» DIRECTIONS
Below are several entries. Transcribe exactly those lines that fall from the one with "埋土種子を用いた自然再生の実" through the one with "既存の埋土種子調査は、現地に", end lines included.

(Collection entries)
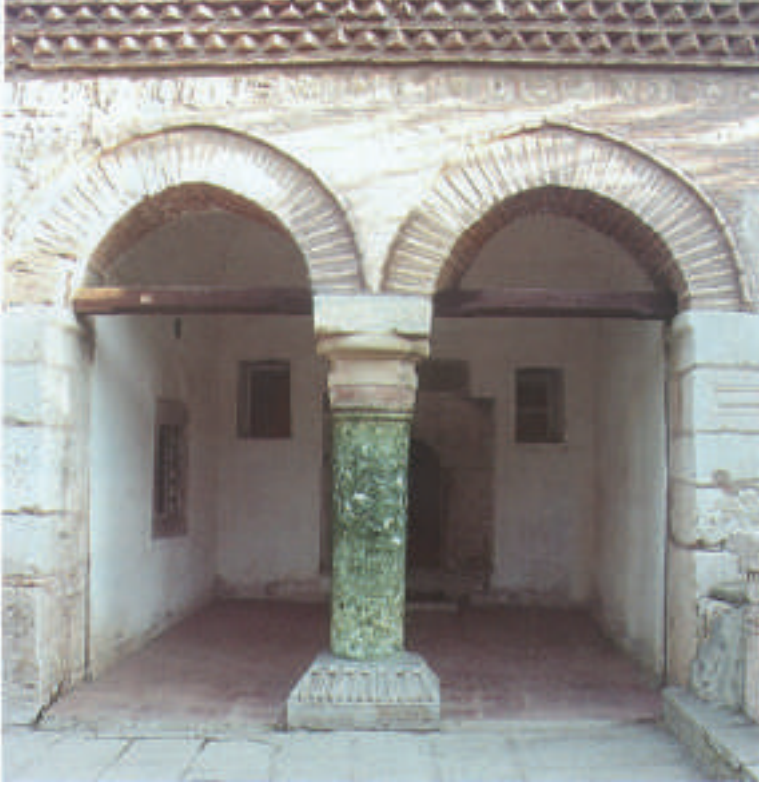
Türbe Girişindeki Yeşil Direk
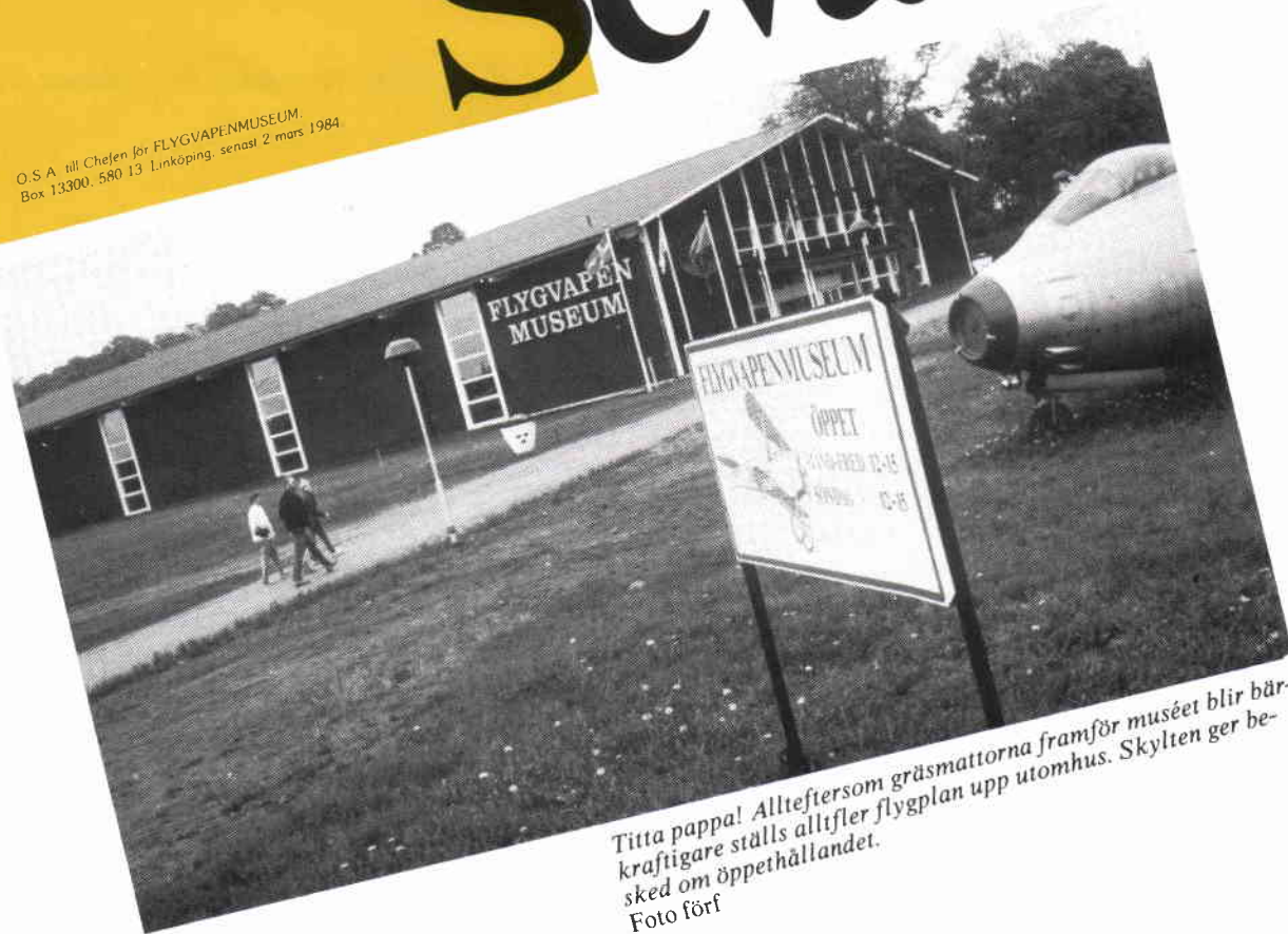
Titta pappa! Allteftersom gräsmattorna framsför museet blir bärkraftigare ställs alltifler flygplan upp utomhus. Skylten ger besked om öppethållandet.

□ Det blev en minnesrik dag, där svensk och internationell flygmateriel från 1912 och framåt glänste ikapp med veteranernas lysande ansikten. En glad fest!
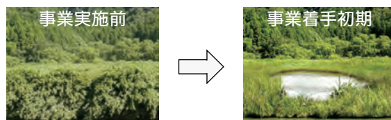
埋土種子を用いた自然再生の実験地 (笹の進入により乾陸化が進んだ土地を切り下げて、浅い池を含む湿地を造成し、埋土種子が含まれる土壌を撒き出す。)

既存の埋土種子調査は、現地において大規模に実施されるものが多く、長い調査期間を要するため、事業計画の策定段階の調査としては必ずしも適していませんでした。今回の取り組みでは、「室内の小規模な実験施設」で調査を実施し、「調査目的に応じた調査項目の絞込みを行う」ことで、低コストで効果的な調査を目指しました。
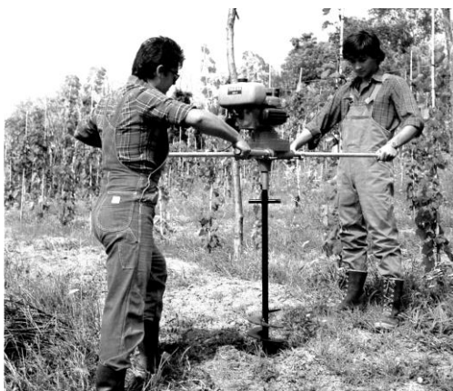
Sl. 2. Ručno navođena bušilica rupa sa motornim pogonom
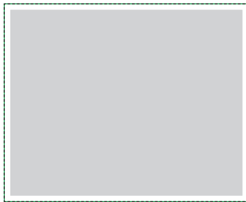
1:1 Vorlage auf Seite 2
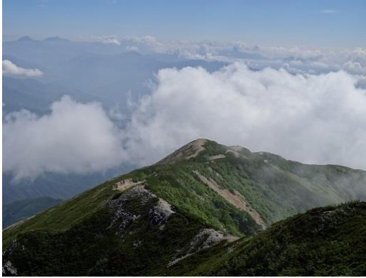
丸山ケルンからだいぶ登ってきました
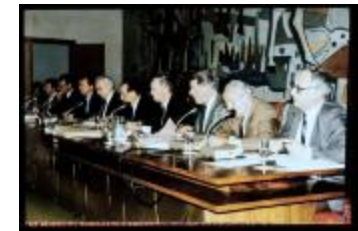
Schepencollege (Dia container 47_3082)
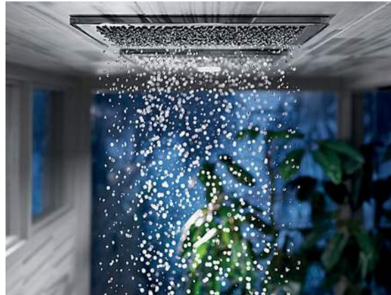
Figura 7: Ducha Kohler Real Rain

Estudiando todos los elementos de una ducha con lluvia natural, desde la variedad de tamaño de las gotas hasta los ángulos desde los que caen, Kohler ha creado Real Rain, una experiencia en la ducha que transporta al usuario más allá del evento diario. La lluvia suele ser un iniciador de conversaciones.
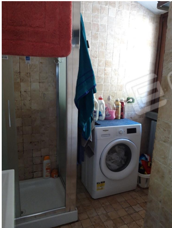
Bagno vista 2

» EXERCISE OUTPUT
埋土種子を用いた自然再生の実験地 (笹の進入により乾陸化が進んだ土地を切り下げて、浅い池を含む湿地を造成し、埋土種子が含まれる土壌を撒き出す。)

既存の埋土種子調査は、現地において大規模に実施されるものが多く、長い調査期間を要するため、事業計画の策定段階の調査としては必ずしも適していませんでした。今回の取り組みでは、「室内の小規模な実験施設」で調査を実施し、「調査目的に応じた調査項目の絞込みを行う」ことで、低コストで効果的な調査を目指しました。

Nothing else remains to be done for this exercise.